### WORK TO COMPLETE
In the material below, pictures must be dropped. Repeat exactly, and only, the lines from the line with "communitycolumn with 6" to the line with "Priekinė apyrankės dalis", both ends included.
GIVEN DATA START
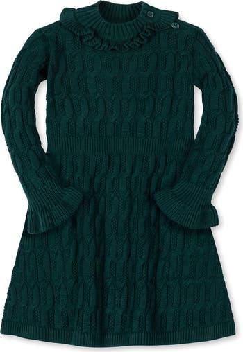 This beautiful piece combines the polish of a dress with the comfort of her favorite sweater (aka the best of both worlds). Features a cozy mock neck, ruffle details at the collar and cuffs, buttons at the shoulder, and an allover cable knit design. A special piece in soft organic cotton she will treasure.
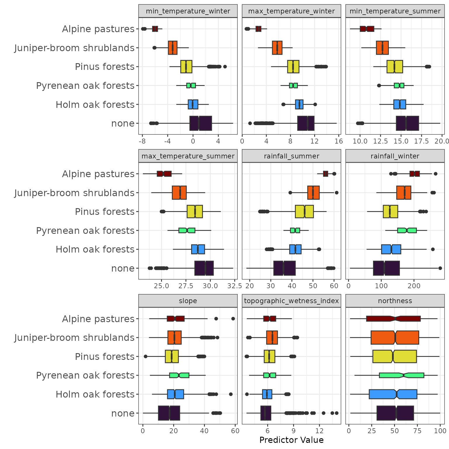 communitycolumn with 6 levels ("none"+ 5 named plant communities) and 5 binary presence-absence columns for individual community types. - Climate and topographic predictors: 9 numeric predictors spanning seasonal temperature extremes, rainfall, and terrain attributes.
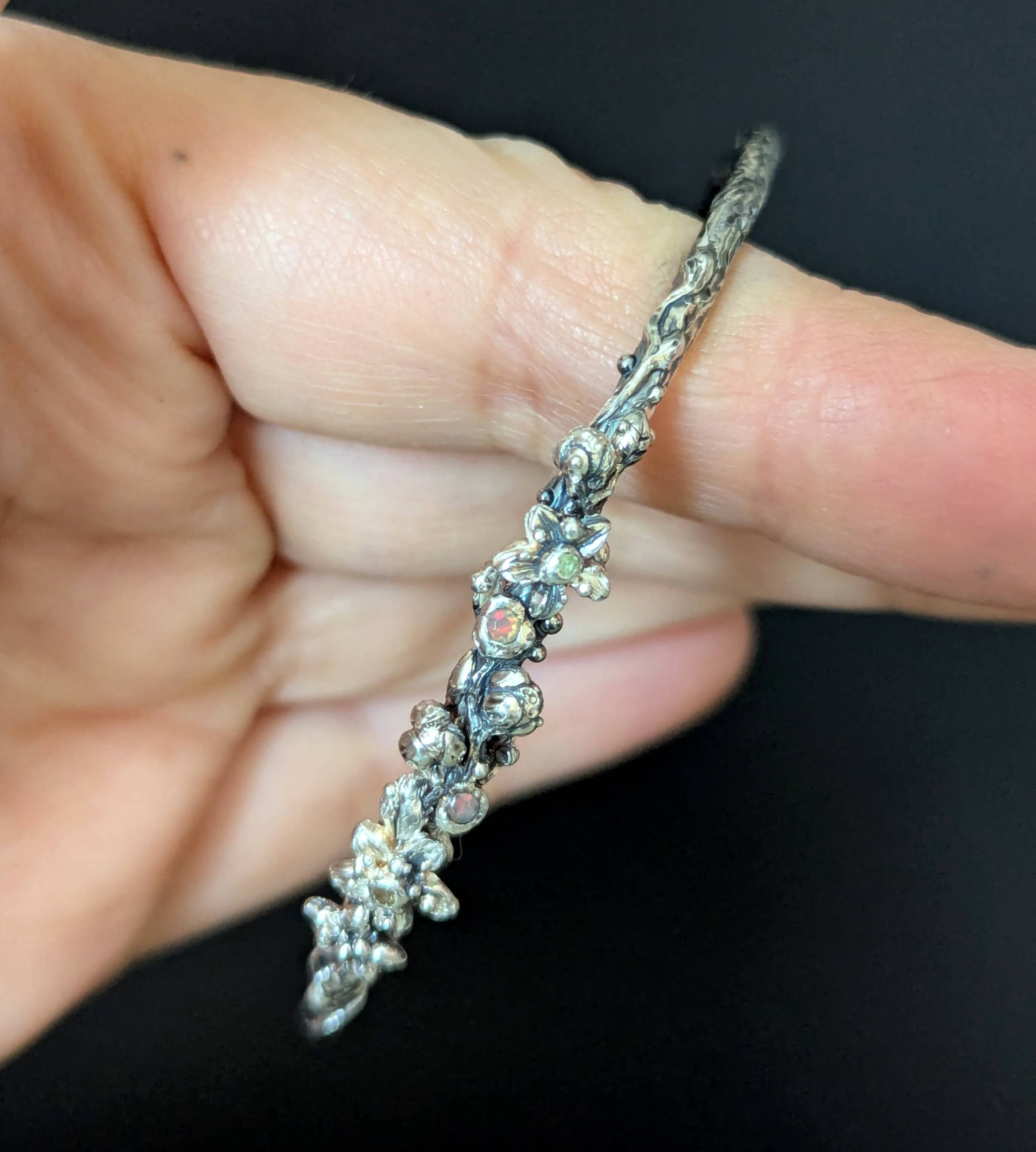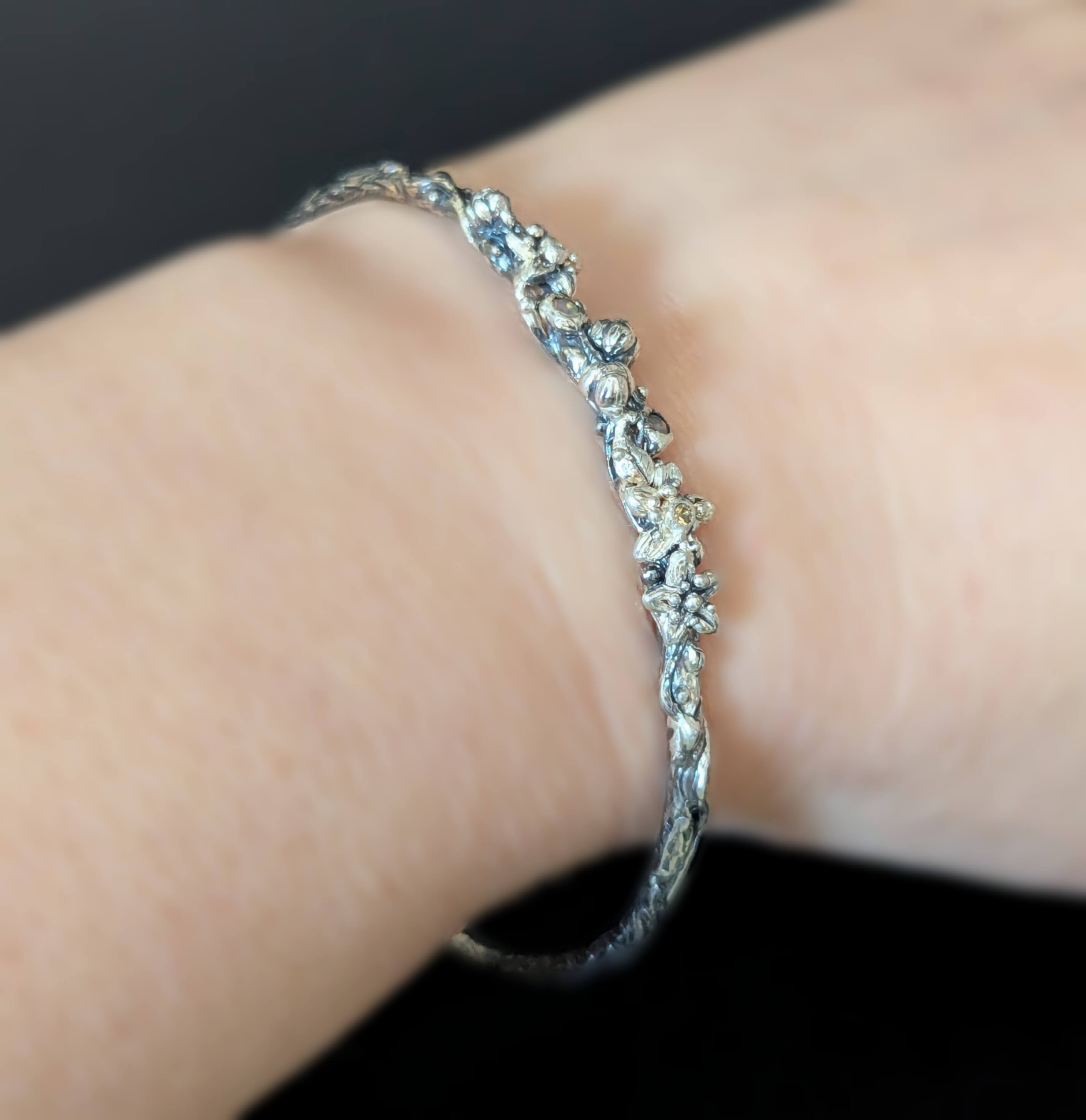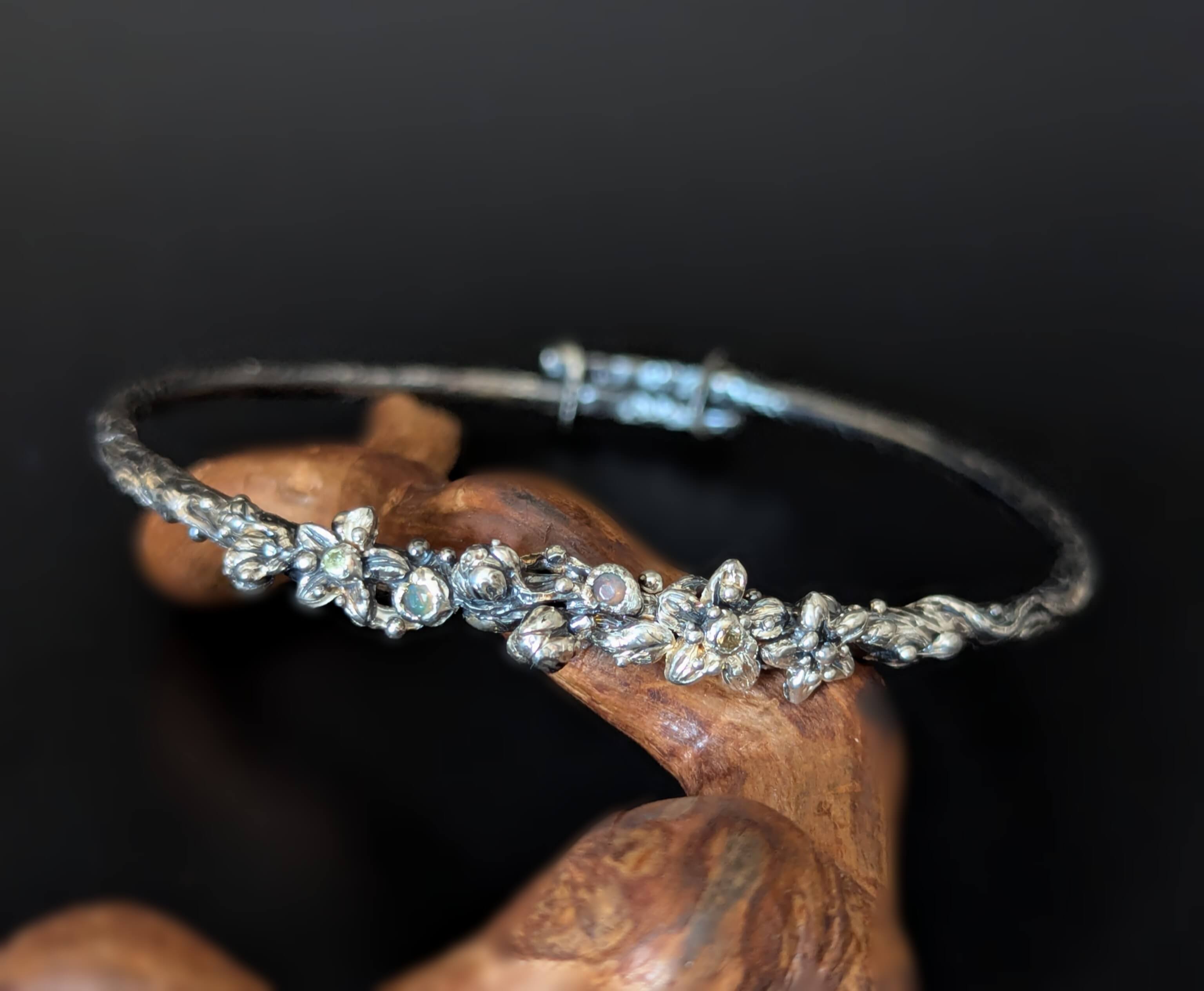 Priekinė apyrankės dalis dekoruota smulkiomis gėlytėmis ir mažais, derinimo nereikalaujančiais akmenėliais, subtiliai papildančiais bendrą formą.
GIVEN DATA END
GIVEN DATA START
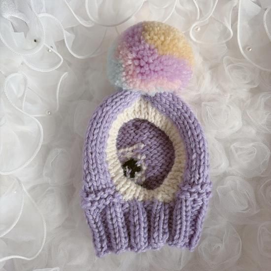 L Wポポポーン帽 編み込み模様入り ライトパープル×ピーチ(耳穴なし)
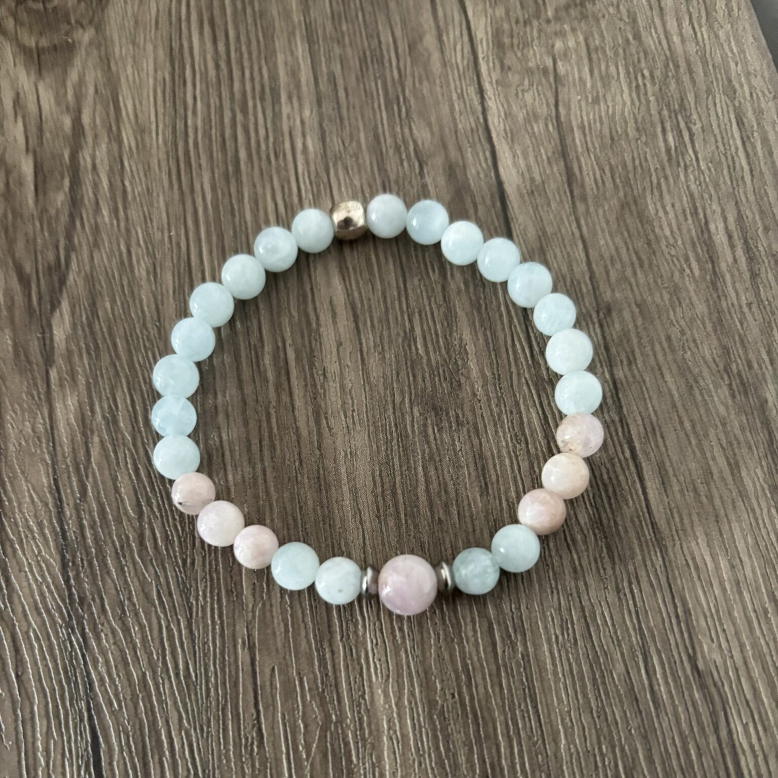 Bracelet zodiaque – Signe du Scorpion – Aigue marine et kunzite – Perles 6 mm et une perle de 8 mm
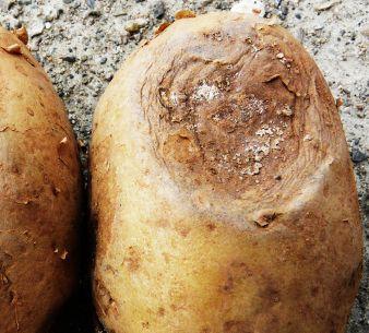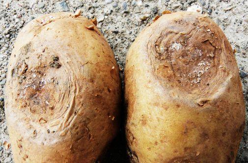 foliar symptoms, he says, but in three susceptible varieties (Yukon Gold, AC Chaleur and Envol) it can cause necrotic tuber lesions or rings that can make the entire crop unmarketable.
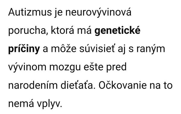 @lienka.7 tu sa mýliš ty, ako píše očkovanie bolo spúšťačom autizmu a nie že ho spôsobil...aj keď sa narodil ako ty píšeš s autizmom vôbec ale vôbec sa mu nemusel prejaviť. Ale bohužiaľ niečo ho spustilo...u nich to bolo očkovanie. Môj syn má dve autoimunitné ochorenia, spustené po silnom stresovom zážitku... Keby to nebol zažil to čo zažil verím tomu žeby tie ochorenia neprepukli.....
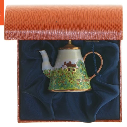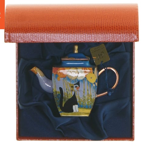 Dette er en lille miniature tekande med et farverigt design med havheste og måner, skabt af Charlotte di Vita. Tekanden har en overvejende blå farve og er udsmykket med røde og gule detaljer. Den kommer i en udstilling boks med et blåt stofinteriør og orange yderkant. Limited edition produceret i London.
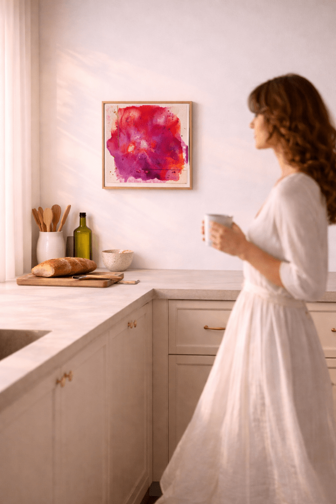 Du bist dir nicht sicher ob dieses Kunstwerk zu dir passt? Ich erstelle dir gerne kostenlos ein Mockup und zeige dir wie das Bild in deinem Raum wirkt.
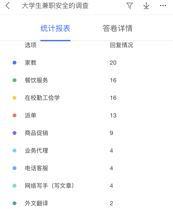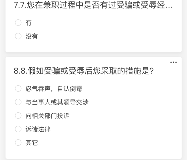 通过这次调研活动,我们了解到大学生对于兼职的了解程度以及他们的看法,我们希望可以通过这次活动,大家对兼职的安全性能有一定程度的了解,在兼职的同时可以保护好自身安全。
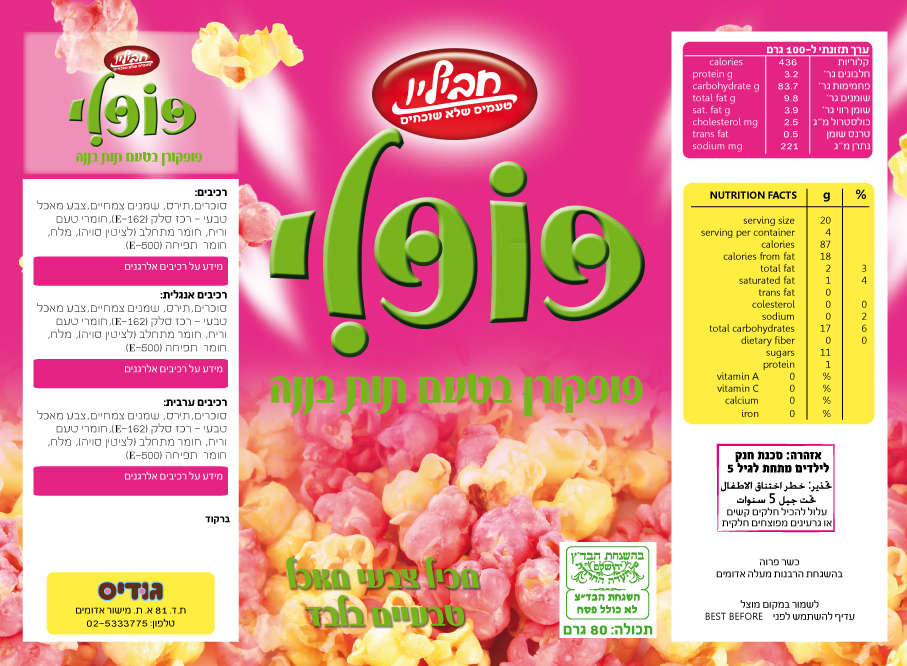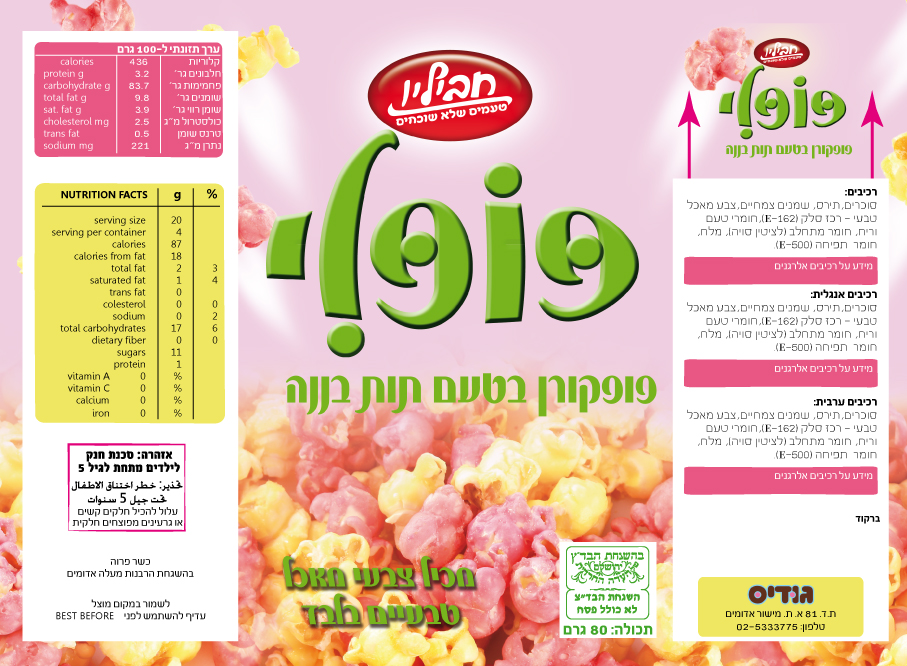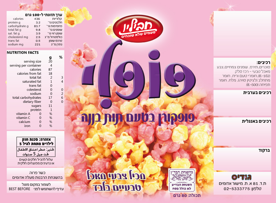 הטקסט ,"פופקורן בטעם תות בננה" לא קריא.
GIVEN DATA END
### ANSWER TO THIS TASK
 communitycolumn with 6 levels ("none"+ 5 named plant communities) and 5 binary presence-absence columns for individual community types. - Climate and topographic predictors: 9 numeric predictors spanning seasonal temperature extremes, rainfall, and terrain attributes.
 Priekinė apyrankės dalis dekoruota smulkiomis gėlytėmis ir mažais, derinimo nereikalaujančiais akmenėliais, subtiliai papildančiais bendrą formą.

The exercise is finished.